**WHAT YOU NEED TO DO**
Please repeat, exactly and without pictures, the lines of the entries below that run from the one containing "Šesťáci si povídali" through the one containing "Step into this".

**DATA SHOWN**
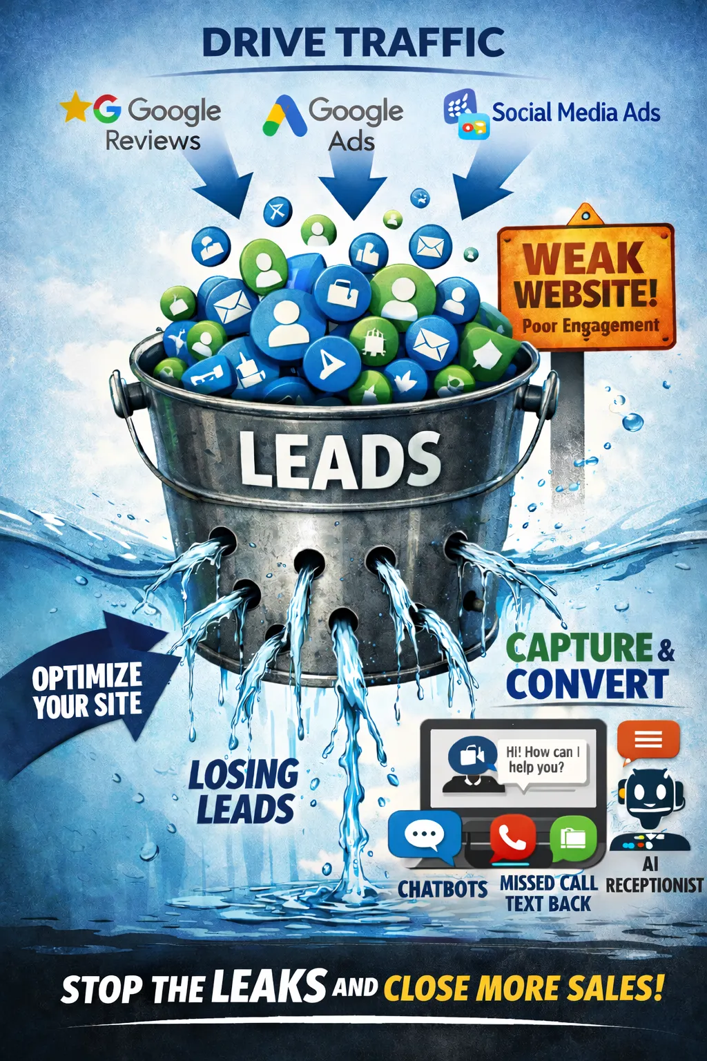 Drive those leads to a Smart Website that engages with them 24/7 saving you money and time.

* * *

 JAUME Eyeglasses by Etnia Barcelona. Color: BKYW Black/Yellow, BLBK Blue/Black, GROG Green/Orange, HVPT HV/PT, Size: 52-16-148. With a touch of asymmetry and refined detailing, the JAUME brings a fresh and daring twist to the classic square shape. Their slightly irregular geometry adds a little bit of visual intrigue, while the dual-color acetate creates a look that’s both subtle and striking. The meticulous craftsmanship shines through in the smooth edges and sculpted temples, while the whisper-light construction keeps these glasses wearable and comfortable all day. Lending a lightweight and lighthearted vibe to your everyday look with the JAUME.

---

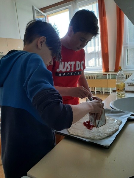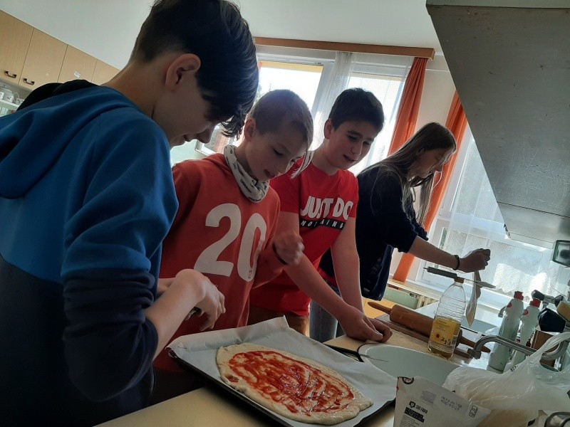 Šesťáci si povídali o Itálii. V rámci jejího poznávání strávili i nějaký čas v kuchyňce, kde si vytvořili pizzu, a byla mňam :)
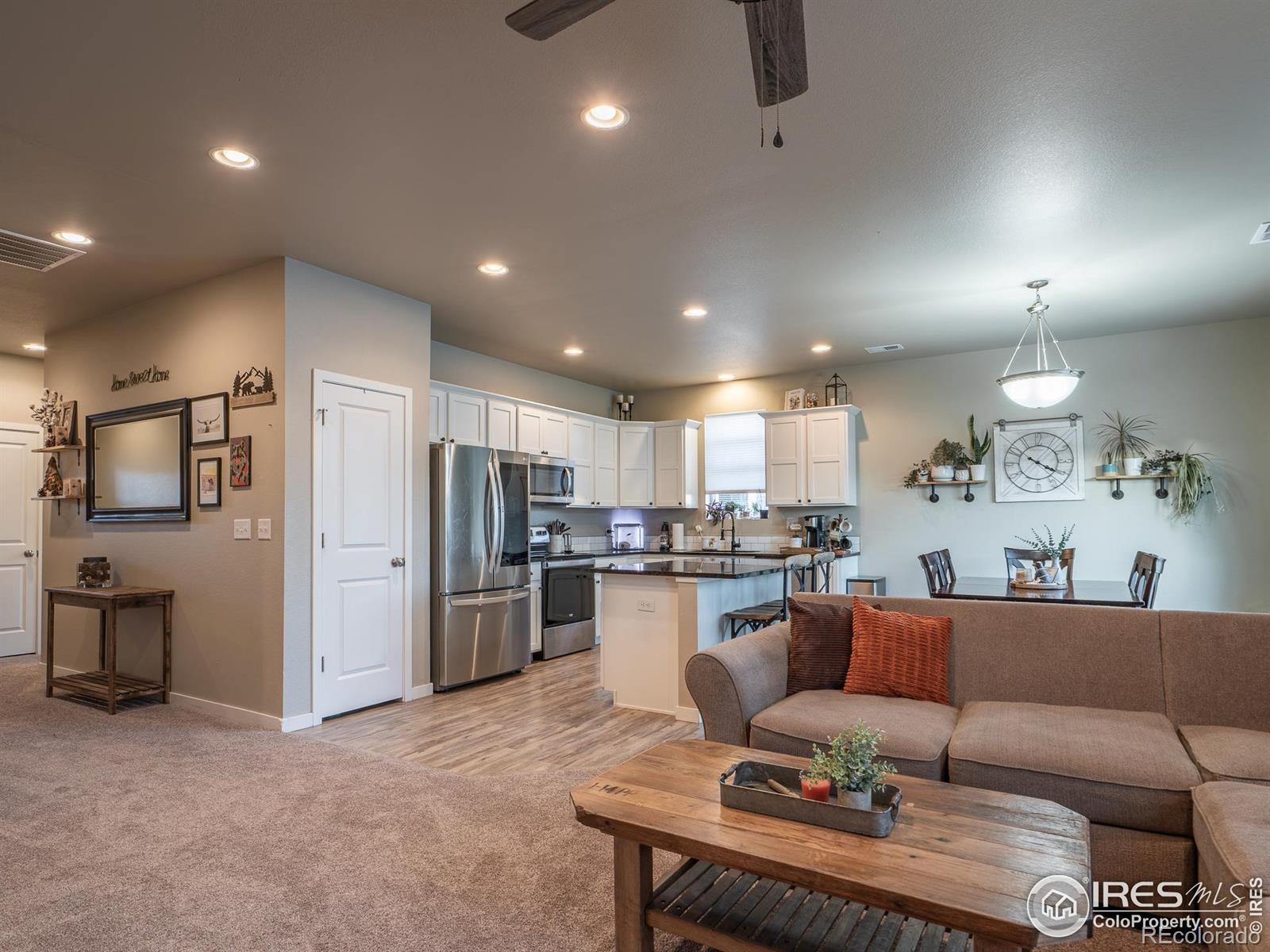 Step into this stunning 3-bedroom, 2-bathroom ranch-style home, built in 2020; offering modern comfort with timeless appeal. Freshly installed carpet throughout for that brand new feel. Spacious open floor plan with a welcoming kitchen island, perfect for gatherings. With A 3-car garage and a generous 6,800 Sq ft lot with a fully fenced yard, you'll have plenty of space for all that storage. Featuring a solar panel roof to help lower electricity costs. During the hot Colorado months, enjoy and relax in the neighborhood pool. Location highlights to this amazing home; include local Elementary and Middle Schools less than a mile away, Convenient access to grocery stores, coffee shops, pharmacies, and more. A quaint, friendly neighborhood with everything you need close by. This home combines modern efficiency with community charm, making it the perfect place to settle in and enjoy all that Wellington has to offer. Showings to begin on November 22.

**ANSWER AREA**
 Šesťáci si povídali o Itálii. V rámci jejího poznávání strávili i nějaký čas v kuchyňce, kde si vytvořili pizzu, a byla mňam :)
 Step into this stunning 3-bedroom, 2-bathroom ranch-style home, built in 2020; offering modern comfort with timeless appeal. Freshly installed carpet throughout for that brand new feel. Spacious open floor plan with a welcoming kitchen island, perfect for gatherings. With A 3-car garage and a generous 6,800 Sq ft lot with a fully fenced yard, you'll have plenty of space for all that storage. Featuring a solar panel roof to help lower electricity costs. During the hot Colorado months, enjoy and relax in the neighborhood pool. Location highlights to this amazing home; include local Elementary and Middle Schools less than a mile away, Convenient access to grocery stores, coffee shops, pharmacies, and more. A quaint, friendly neighborhood with everything you need close by. This home combines modern efficiency with community charm, making it the perfect place to settle in and enjoy all that Wellington has to offer. Showings to begin on November 22.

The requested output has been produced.